Mild-moderate opioid agonists
- They act at the mu receptor with less affinity than morphine and can have varying affinity for delta and kappa receptors.
- They include oxycodone and hydrocodone.
- And codeine, which, via CYP2D6 metabolism generates morphine its active analgesic metabolite.
- Thus, codeine is ineffective in individuals with poor CYP2D6 activity.
- It is an important antitussive (cough suppressant) agent.
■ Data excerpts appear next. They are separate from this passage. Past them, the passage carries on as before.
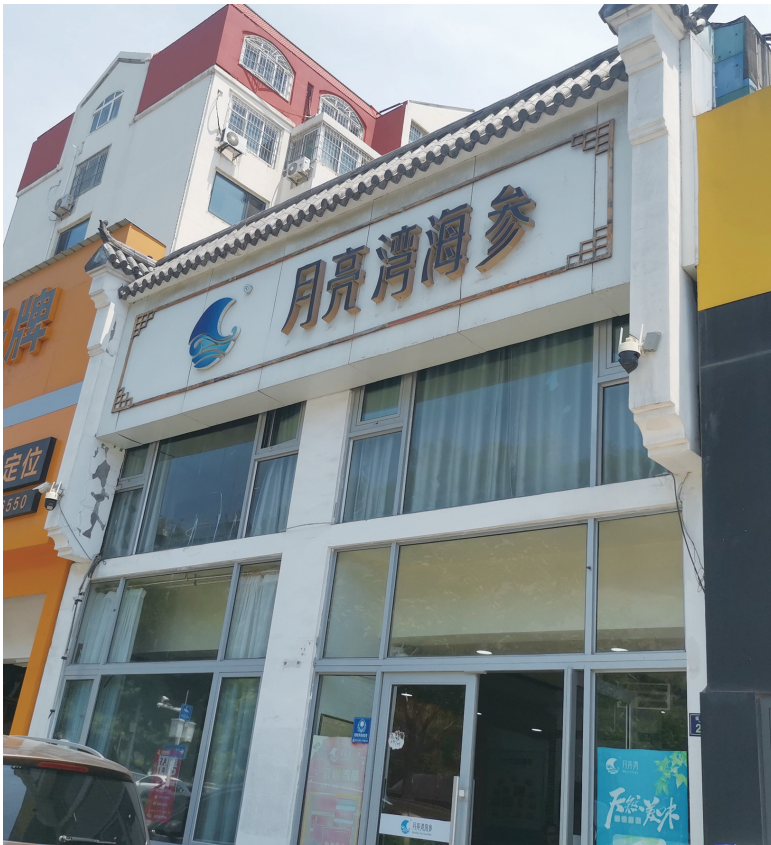
位于福州北路的月亮湾海参店。
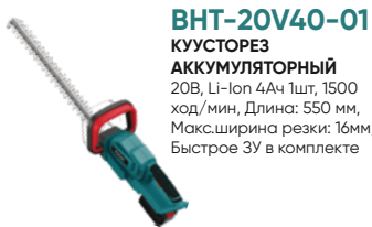
BHT-20V40-01 КУСТОРЕЗ АККУМУЛЯТОРНЫЙ 20В, Li-Ion 4Ач 1шт, 1500 ход/мин, Длина: 550 мм, Макс.ширина резки: 16мм, Быстрое 3У в комплекте
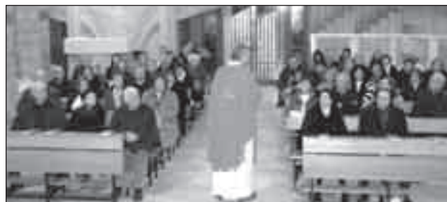
Celebrazione eucaristica durante un percorso formativo, all'OPSA.

Ho sempre visto l'Associazione come una "sovrastruttura" con dentro delle
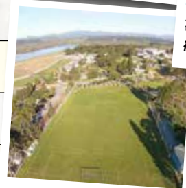
MetalClube de Campo São José dos Pinhais
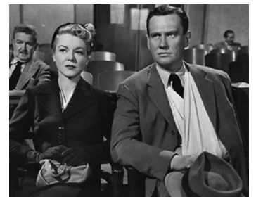
1952 LA FEMME SANS LOI (My Man and I) de William Wellman avec Claire Trevor
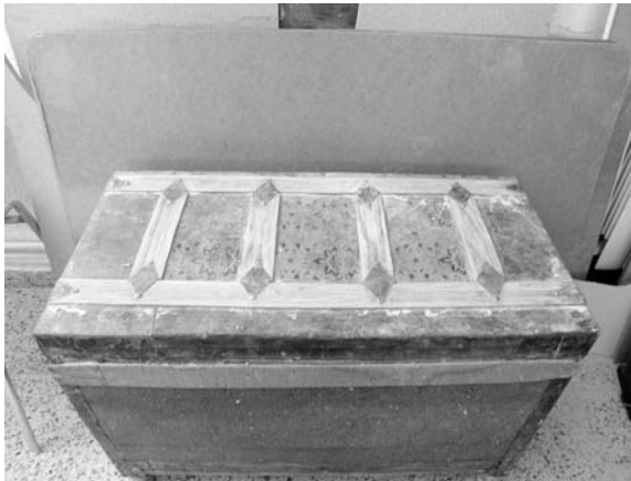
Uno de los baúes que se tiene previsto restaurar

La Asociación Sagrada Familia de Herencia lleva a cabo durante varios años el taller de Restauración de Muebles, con el fin de hacer revivir muebles, que en muchas ocasiones ocupan los lugares más olvidados de las casas
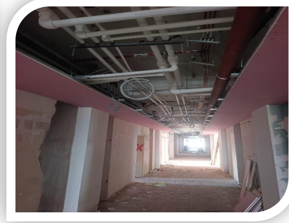
B Blok Deprem Güçlendirme projesine ait görseller
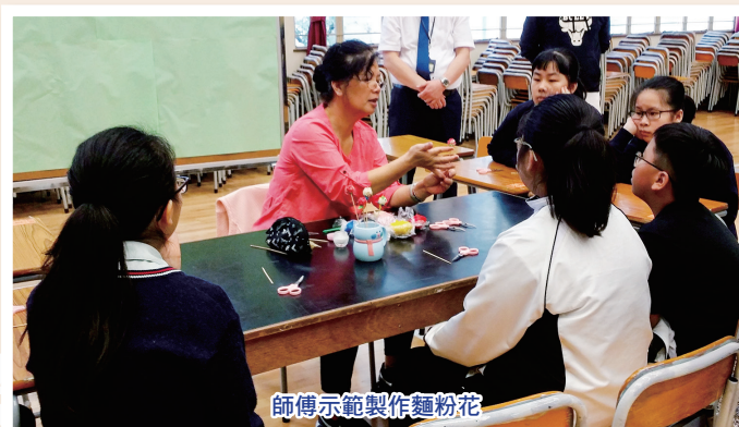
師傅示範製作麵粉花

不過很可惜，由於我去的時間比較晚，所以未能學習繩結和剪紙，希望以後還有機會學習吧！這次的活動讓我明白了累積的經驗越豐富，做起事情來就越得心應手。所以我們要反復練習，做起那件事就越容易、熟練。
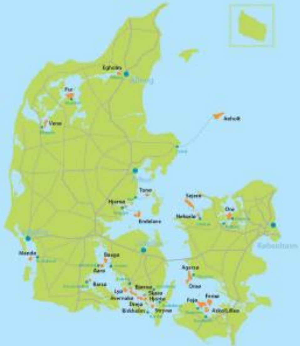
Sammenslutningen af Danske Småøer
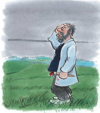
Blöder Künstler – nach England gefahren und Grau und Grün vergessen...
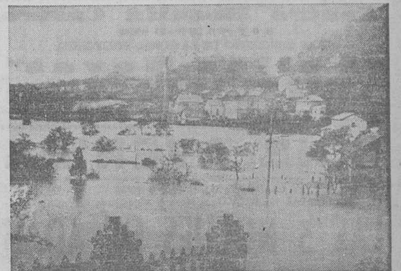
Estado en que quedó el pueblecito de Veriña, próximo a Gijón, con motivo de las lluvias caídas recientemente. Al fondo, la "Azucarera Asturiana", que sufrió importantes pérdidas por inundación total de sus departamentos.
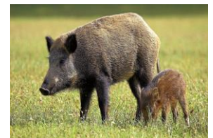
Unsere Jäger: Gustav Rörich Winterbach
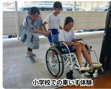
小学校での車いす体験
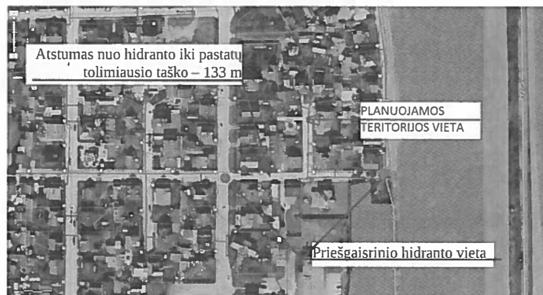
Pav. 2. Situacijos schema

Statiniai turi būti suprojektuoti taip, kad kilus gaisrui:
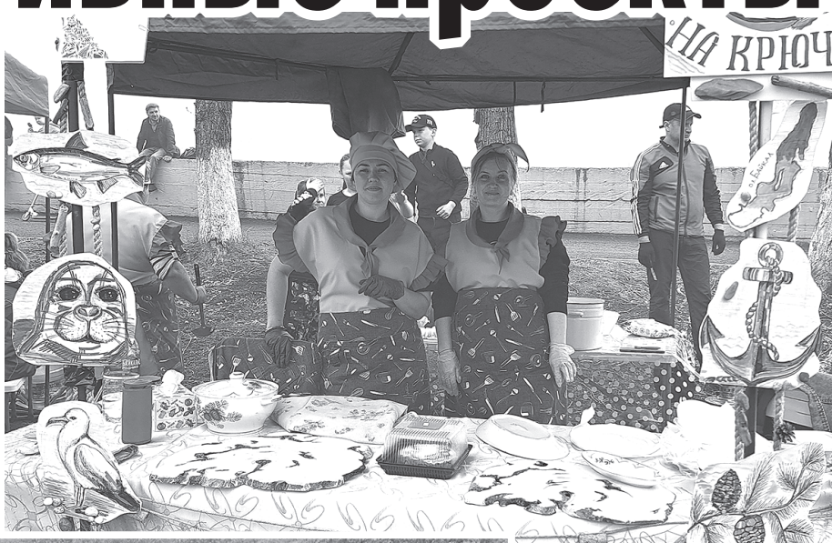
Фестиваль ухи на Байкале

Свой проект на конкурсный отбор может подать инициативная группа граждан, некоммерческие организации, муниципальные автономные учреждения и др. Приоритетными направлениями являются: проведение ремонта автомобильных дорог, организация материально-технического обеспечения муниципальных учреждений социальной сферы, благоустройство территорий, организация и оснащение проведения культурных, спортивных, образовательных и молодежных мероприятий и т.д. Финансирование на реализацию инициативных проектов предусмотрено в бюджете Иркутской области, но авторы должны вложить в реализацию своего проекта так называемый инициативный платеж, он составляет 10 процентов от стоимости проекта. Также они должны представить мнения граждан по поводу своего проекта: письма поддержки или подписные листы, или гарантийные письма с готовностью участвовать в его реализации и тому подобное. Конкурсный отбор проходит в два этапа: муниципальный и региональный. И ещё один интересный момент: проекты представляют инициативные группы граждан, а реализуют их администрации поселений.
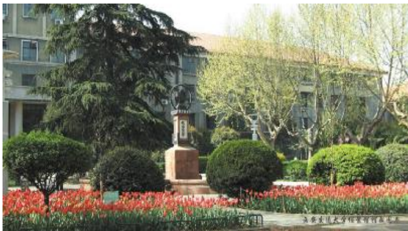
西安交通大学校园一角

中国21世纪中期将全面实现国家的现代化，达到世界发达国家的先进水平，当我们为这一宏伟目标努力奋斗的时候，永远不应忘记在这一历史征程中那些最早的开拓者。
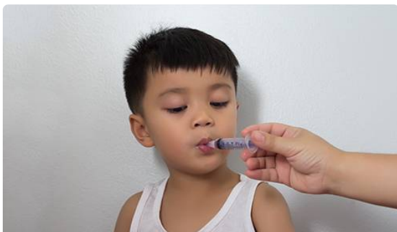
Formes de médicaments utilisés chez l'enfant et l'adolescent
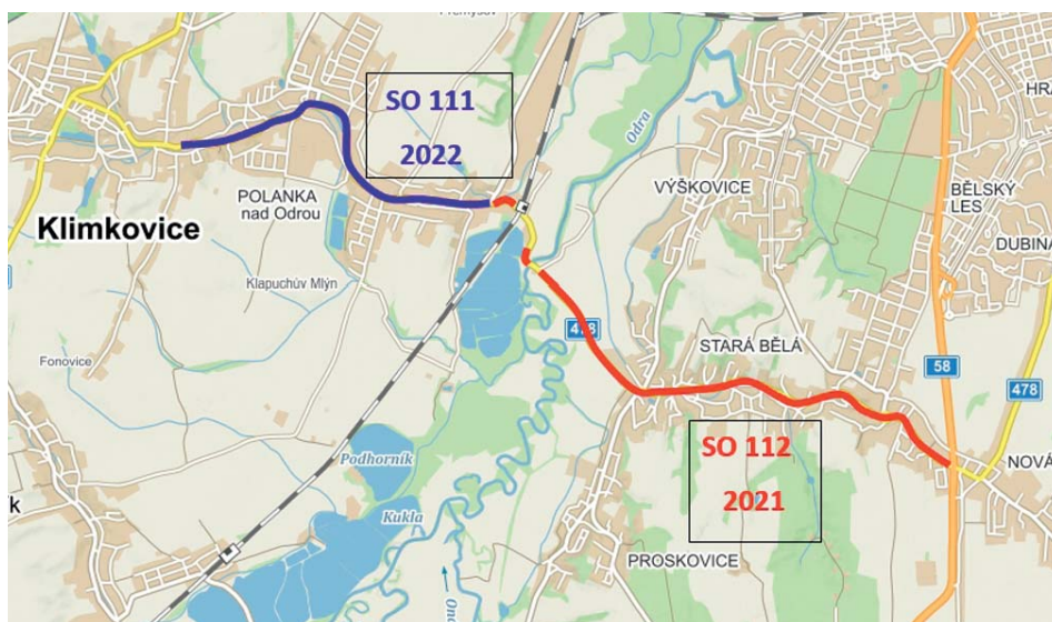
Rekonstrukce silnice II/478 letos zkomplikuje cestování do Polanky.
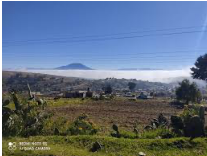
Imagen 13. Vista del pueblo

En el ejido se practica la agricultura de temporal. Los campesinos cultivan maíz criollo, identificando seis variedades de maíz: (1) blanco, (2) amarillo, (3) azul, (4) rosado, (5) pinto y (6) cacahuacintle.
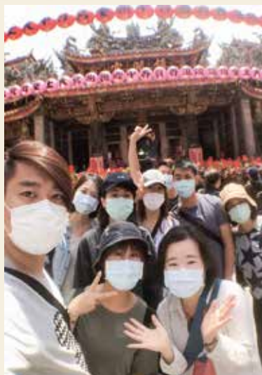
▲學員們在大甲鎮瀾宮開心自拍。

除了一系列的室內課程，更規劃了2個單日的考察活動，包括台灣宗教文化探索考察、北海岸文化及地質旅遊考察。台灣宗教文化探索考察走訪大甲鎮瀾宮，了解歷史由來及認識建築風貌，繞境典故與由
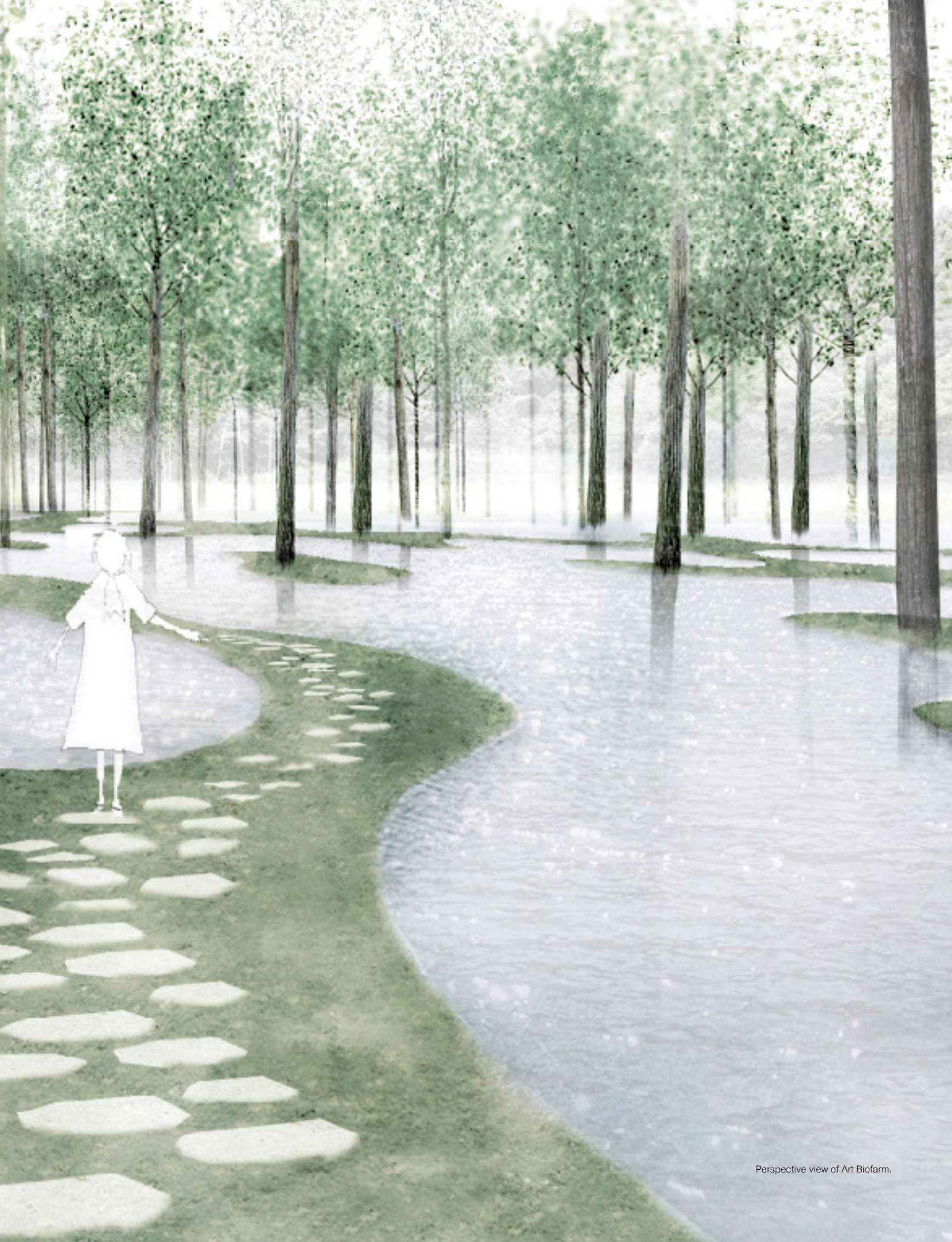
Perspective view of Art Biofarm.
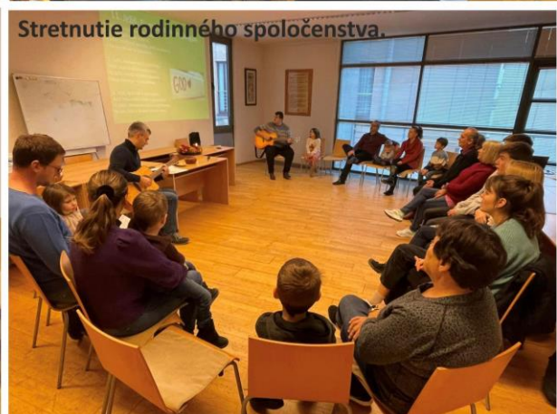
Stretnutie rodinného spoločenstva.
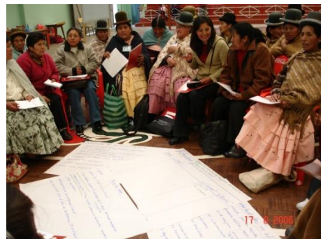
Ein Workshop dient auch dem Austausch unter Frauen, die hunderte von Kilometer fahren, um an diesen Treffen teilzunehmen.
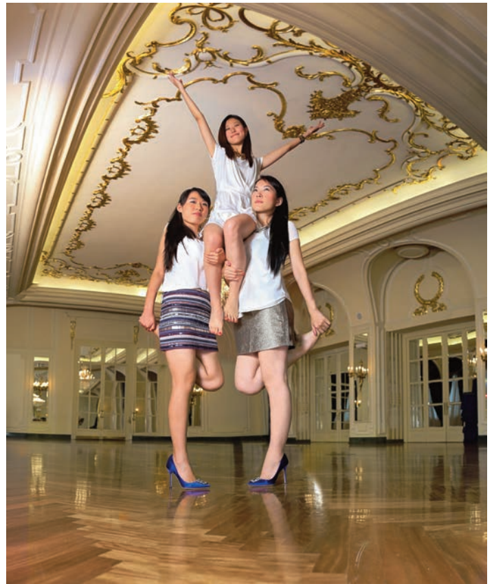
Cristina Lucas: Superbién común. Manolos , 2014

As fotografías de El superbién común preséntanse no mesmo formato que os millóns de anuncios publicitarios que inundan as nosas rúas e conseguen espertar no espectador unha primeira reacción de desexo —a través de cores vistosos e sorrisos enlatados— que se transforma aos poucos segundos en incomodidade ante a comprensión de que se trata dunha corrosiva crítica ao noso consumismo exacerbado e individualista.
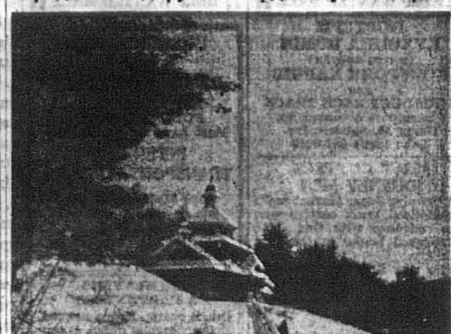
Помешчена фотознімка великого кольорового фото, що буде подароване Кардиналові Йосифові Сліпому
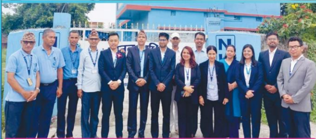
राष्ट्रिय मानव अधिकार आयोग कोशी प्रदेश विराटनगरमा कार्यरत कर्मचारीहरू

- And loperamide, which does not have CNS effects but purely peripheral actions – it's used to treat diarrhea. - Remember that opioids reduce GI motility due to inhibition of enteric nervous system activity.
Mixed agonist/antagonists
Next, the mixed agonist/antagonists:
- Buprenorphine, which is a partial mu agonist.
- It has a high affinity and low efficacy at mu receptors.
- Thus, it has an analgesic effect but at higher doses it actually serves as an antagonist.
- It has delta and kappa antagonist effects.
- Additional mixed agonist/antagonists include: nalbuphine, pentazocine, butorphanol, and buprenorphine.
- Note, nalbuphine, pentazocine, and butorphanol are kappa agonists with weak mu receptor antagonist activity. Butorphanol may act as a partial agonist or antagonists at the mu receptor.
Opioid antagonists
- They work as antagonists at the mu, delta, and kappa receptors.
- They include naloxone, which is an acute reversal agent (it can be administered via injection or nasal spray) versus naltrexone, which is used as a chronic opioid antagonist (it's used in maintenance therapy to help with addiction management).
- Note that although naloxone exhibits antagonism at all opioid receptors; it has the greatest affinity for the mu receptor.
- Both agents can precipitate withdrawal in dependent users ("antagonist precipitated withdrawal": an sudden, extreme withdrawal response).
- And methylnaltrexone, which has poor CNS penetration and thus it does not precipitate opioid withdrawal; it's used to help with enteric nervous system antagonism to prevent constipation.
- Note the brand name drug Suboxone is a combination of both buprenorphine and naloxone.
Miscellaneous opioid-related agents
- Tramadol has the risk of causing seizures and serotonin syndrome due to its monoaminergic effects; it has very weak mu opioid receptor agonist activity and also inhibits the reuptake of norepinephrine and serotonin.
- And dextromethorphan, which is a widely-used antitussive agent.